Sleep is a mysterious bodily process that is absolutely essential to good health.  Children with poor sleep habits are more prone to attention deficit disorders and their grades suffer at school. Children with severe sleep problems may not achieve their normal adult height!  When you establish good sleep habits in your children, you give them a gift that will enhance their long-term health.  In their twenties, people often take pride in getting by with 4-5 hours of sleep. Chronic sleep deprivation leads to worsening of any medical condition.  

If you develop chronic insomnia, it may be an indication of an underlying medical problem. Don’t reach for a sleeping pill, especially prescription sleeping pills that can be addictive. We should not have to rely on a drug to make us sleep! 

For occasional insomnia, here are some good tips for promoting good sleep.  The body likes a regular schedule.  Sleeping from 10 pm to 6 am seems to be the perfect times for the most restful sleep.  Aim for that schedule when possible.  Sleep in a cool room and set the thermostat at 65 degrees.  Because darkness stimulates natural melatonin production, use a sleep mask if necessary.  Avoid spicy food or caffeine in the evening and finish eating three hours before bedtime.  Heavy intake of alcohol or sugar can cause restless sleep.  Start winding down in the evening.  Don’t engage in heavy exercise late at night.  Don’t watch the 10 o’clock news or read grisly books that cause mental overstimulation.

Individuals who consistently get fewer than seven to eight hours at night are usually sleep deprived. People who require MORE than eight hours of sleep usually have a sleep disorder.  They require more sleep because they are having poor quality sleep.  People do not have less need for sleep with aging.  It’s just that sleep problems are so common in older individuals.  It’s important to rule out sleep apnea, a disorder where oxygen levels fall during the night Sleep Apnea is associated with a marked increase in heart disease and other serious diseases.

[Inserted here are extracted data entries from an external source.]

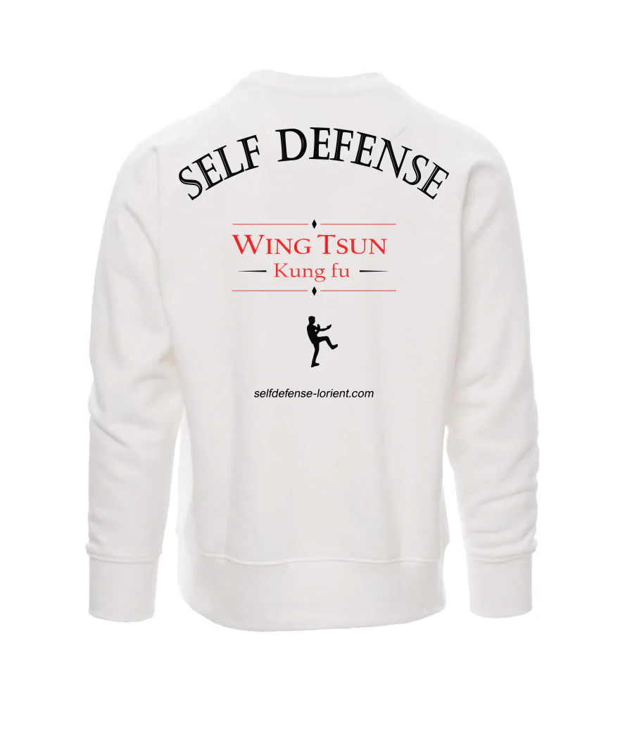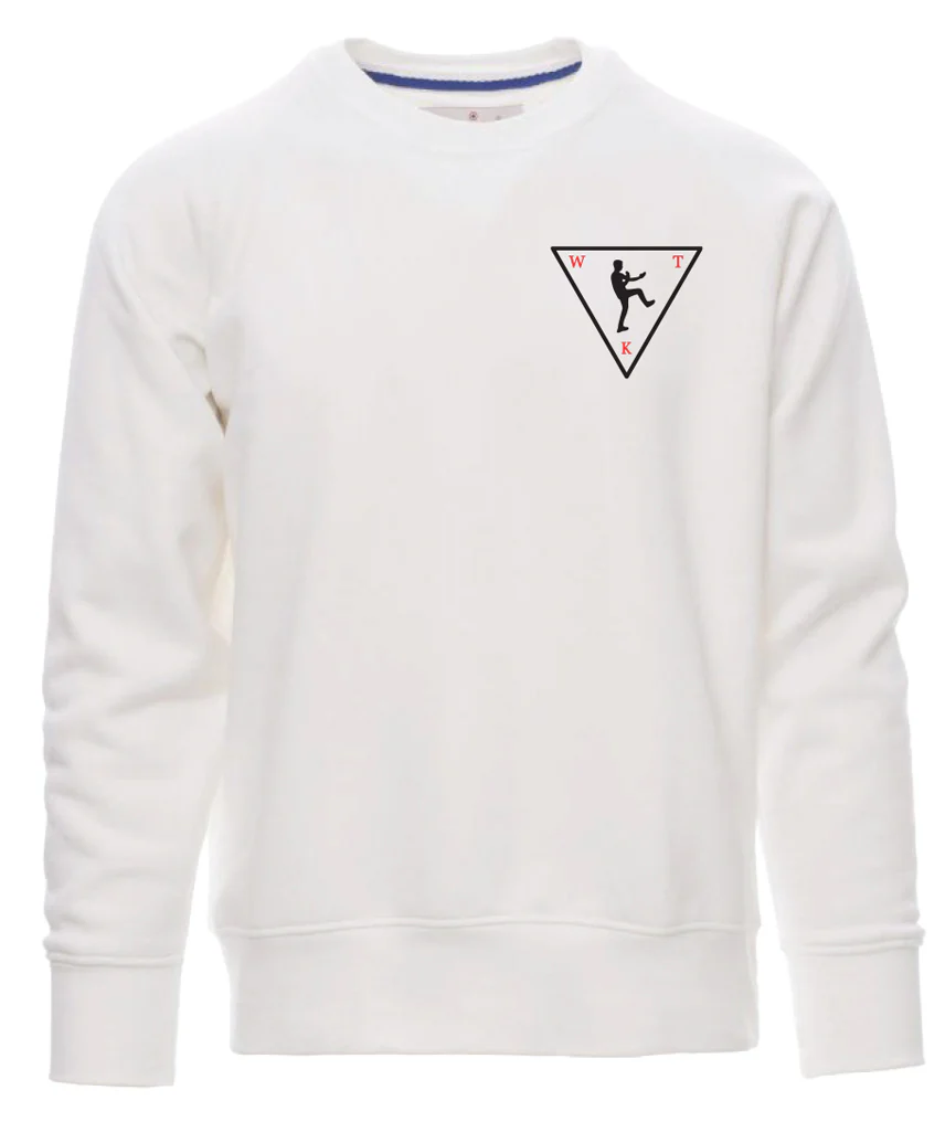 Sweat-shirt blanc , ras le cou, manches raglan, couture esthétique en V au col. Poignets et taille en côtes élastiques, coutures renforcées, logo coeur et dos inclus.
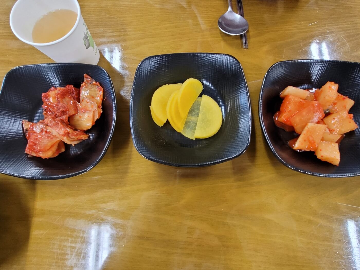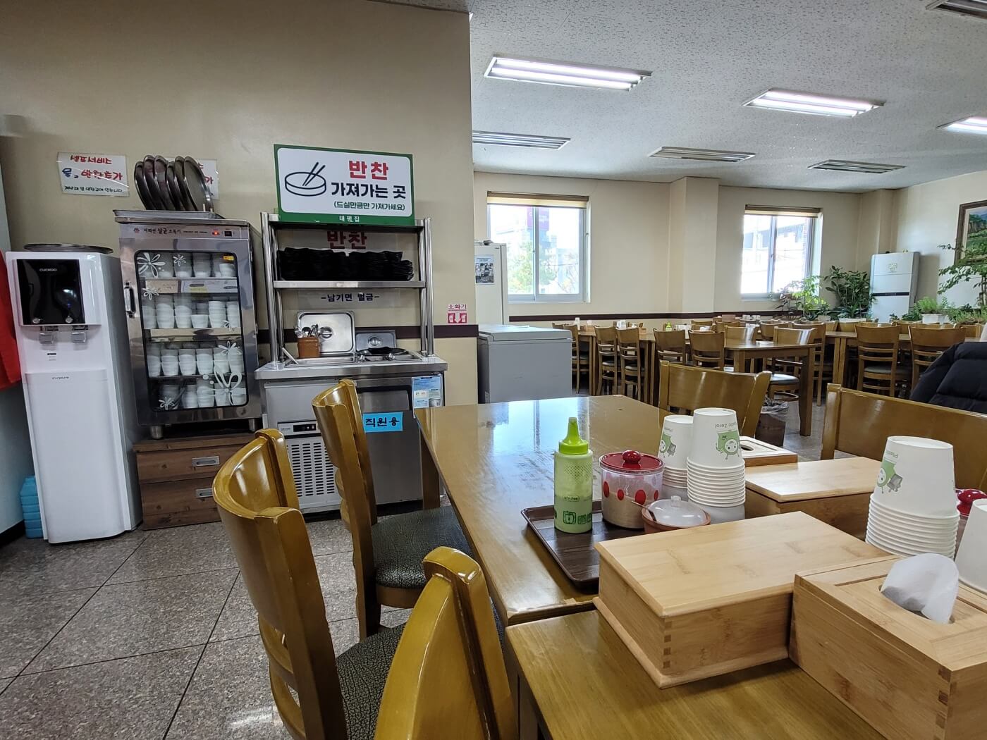 - 깍두기, 단무지, 김치와 같은 밑반찬은 셀프바에서 가져다 드시면 되세요.
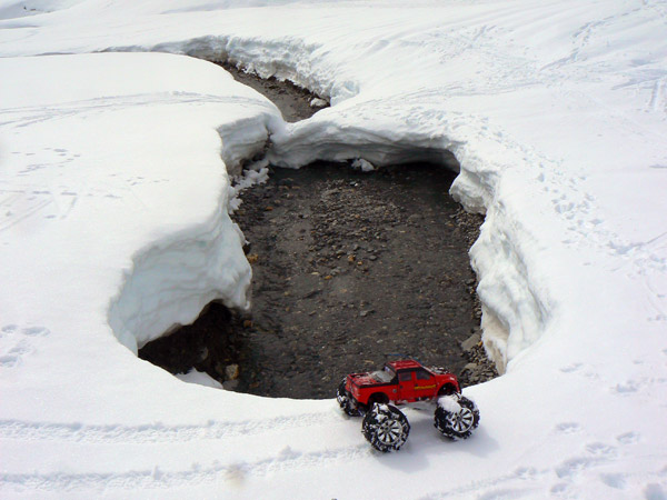 Jugando con los hundimientos de la nieve sobre el rio.

I recall a patient, Bonnie, who had always enjoyed good sleep.  She would lay her head on her pillow, instantly fall asleep and wake up refreshed the next morning. When her periods became irregular in her mid-forties, she began waking up at 2 am wide and couldn’t get back to sleep.  She would toss and turn and be exhausted the next day.  When she came in to see me, she was on maximum doses of prescription sleep medicines and still not sleeping well!  I diagnosed her with a progesterone deficiency and progesterone treatment resolved her insomnia and her need for prescription sleeping pills! 

Insomnia is also a common problem in menopause when estrogen levels become deficient.  Insomnia can occur in both women and men who develop disorders in thyroid hormone, cortisol, testosterone and growth hormone.  If you develop chronic insomnia, before getting hooked on chronic prescription sleeping pills, see an endocrinologist who specializes in treating hormone disorders.